%%

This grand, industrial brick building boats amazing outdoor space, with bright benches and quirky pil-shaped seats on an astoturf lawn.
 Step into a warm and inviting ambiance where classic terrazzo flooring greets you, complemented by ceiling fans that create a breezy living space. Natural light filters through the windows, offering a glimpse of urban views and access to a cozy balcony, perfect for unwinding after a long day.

%%
%%

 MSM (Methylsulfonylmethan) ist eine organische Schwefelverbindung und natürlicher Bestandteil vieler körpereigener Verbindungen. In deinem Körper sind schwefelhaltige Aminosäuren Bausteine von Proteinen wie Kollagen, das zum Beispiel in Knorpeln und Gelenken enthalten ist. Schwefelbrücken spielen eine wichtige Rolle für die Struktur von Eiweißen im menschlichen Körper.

%%

Work through the entries, filtering for the string "space", and copy each line that holds it.

This grand, industrial brick building boats amazing outdoor space, with bright benches and quirky pil-shaped seats on an astoturf lawn.
 Step into a warm and inviting ambiance where classic terrazzo flooring greets you, complemented by ceiling fans that create a breezy living space. Natural light filters through the windows, offering a glimpse of urban views and access to a cozy balcony, perfect for unwinding after a long day.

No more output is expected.